While the aggregate global numbers of wind and solar penetration have been very impressive, and the number of auctions with bids in the 4 cents or lower range continues to increase, the benefits have been so far going exclusively to big economies. If we look at the list of Emerging Market countries with low cost auctions, we can see they are either large countries (India, Mexico, Argentina, South Africa, Peru) and/or high to medium-high income (Chile, the UAE, Saudi Arabia). The much larger number of smaller economies is… nowhere to be seen.
This is potentially a very big problem. If smaller economies, especially low-income economies, are going to be unable to participate in this energy cost revolution, it is a big issue. It does not take much imagination to see a future where larger, better-off economies reduce their energy costs by 50%, and lower-income economies fail to make the same reductions and fall further behind in competitiveness relative to their richer neighbors. Having electricity costs at 8 cents, or more, when neighbors have it at 4 cents, or less, is not good. Yet one more disadvantage for countries further back on the development ladder.
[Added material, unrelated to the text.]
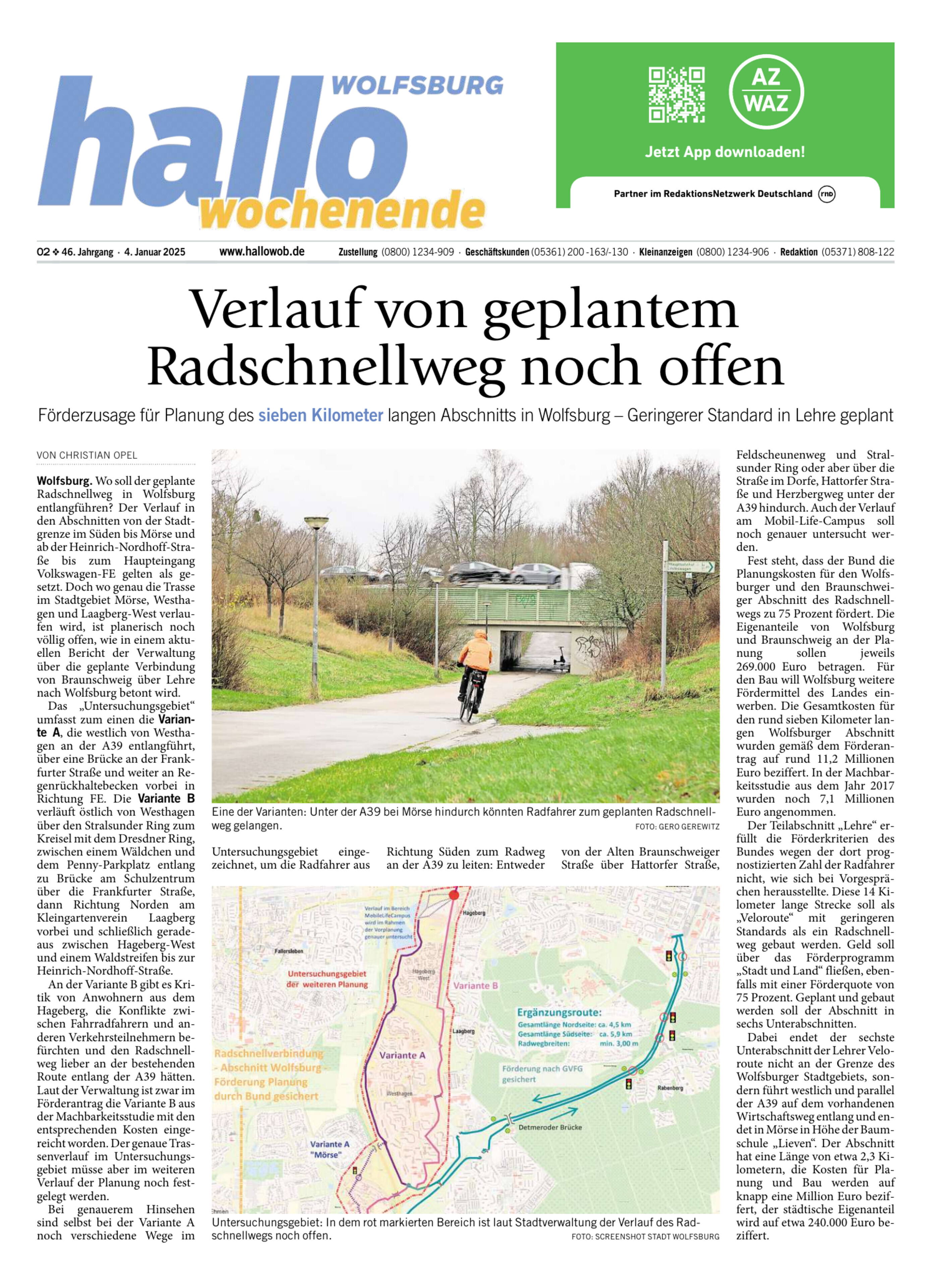 inzwischen konzentrieren sich die städtischen Planungen des Radschnellwegs auf den Bereich zwischen Mörse und der Heinrich-Nordhoff-Straße. Dem Artikel aus "Hallo Wochenende Wolfsburg" von heute ist eine Karte beigefügt, der den Verlauf möglicher Trassenführungen gut erkennen lässt. Die Entscheidung, ob die Trasse des Radschnellwegs über Westhagen, Laagberg, westlich des Hageberg-West und östlich des (alten) Hagebergs verlaufen soll (Variante B), was aus den Gründen unserer Petition abgelehnt wird, oder östlich an Westhagen und Hageberg-West vorbei entlang den Regenrückhaltebecken (Variante A) ist weiterhin offen. Wir bitten alle Befürworter unserer Petition, sich auch weiterhin im persönlichem Umfeld für die Variante A zu stark zu machen.

This is why this month’s announcement out of Senegal is so important.
On April 6, 2018, the Government of Senegal announced the results of its first competitive auction for solar generation. The auction, supported by the World Bank Group’s IFC (International Finance Corporation), replaced the Government’s previous negotiated agreement procurement approach. Under the auspices of the IFC’s “Scaling Solar” methodology, the auction awarded a total of 60 MW of generation rights under a PPA (Power Purchase Agreement) to the grouping of ENGIE and Meridiam. The winning bids? 3.8 and 3.98 Euro cents a kilowatt hour.
This is the first time that a smaller, lower-income economy has successfully tendered for new electricity generation at prices similar to what “the big boys” have been achieving. It augurs very, very well for more broadly-based future economic growth and competitiveness, and for the prospects of lower-income and smaller economies. Three cheers!
Let’s take a closer look. Senegal has a small electric grid: total system capacity is about 700 MW. In 2016, the average tariff was around 24 US cents a kilowatt hour. Yes, 24 cents. And the World Bank estimated a couple of years earlier, in 2014, that full costs of the system might be about 40% higher than what that tariff reflects. At those numbers, that’s (1) expensive power for Senegalese users, and (2) impossible for the country’s power utility to stay afloat financially.
While this first auction was for less than 10% of the system’s capacity, Senegal now has a path forward to cut its power costs – by a lot – probably as much 2/3, accounting for transmission and distribution costs. What a dramatic difference it will make to the Senegalese economy, and to the Senegalese, if electricity prices come down by more than half over the coming years. And if the state-owned power utility, SENELEC, stops losing more than 1% of GDP. So not only will Senegal not fall further behind its bigger international competitors, but it will see a bigger difference, and a bigger positive impact, from being able to cut power prices like the others are doing. Assuming, of course, that it repeats this experience.
Three cheers again – for Senegal, its partners that made this happen, and for smaller economies.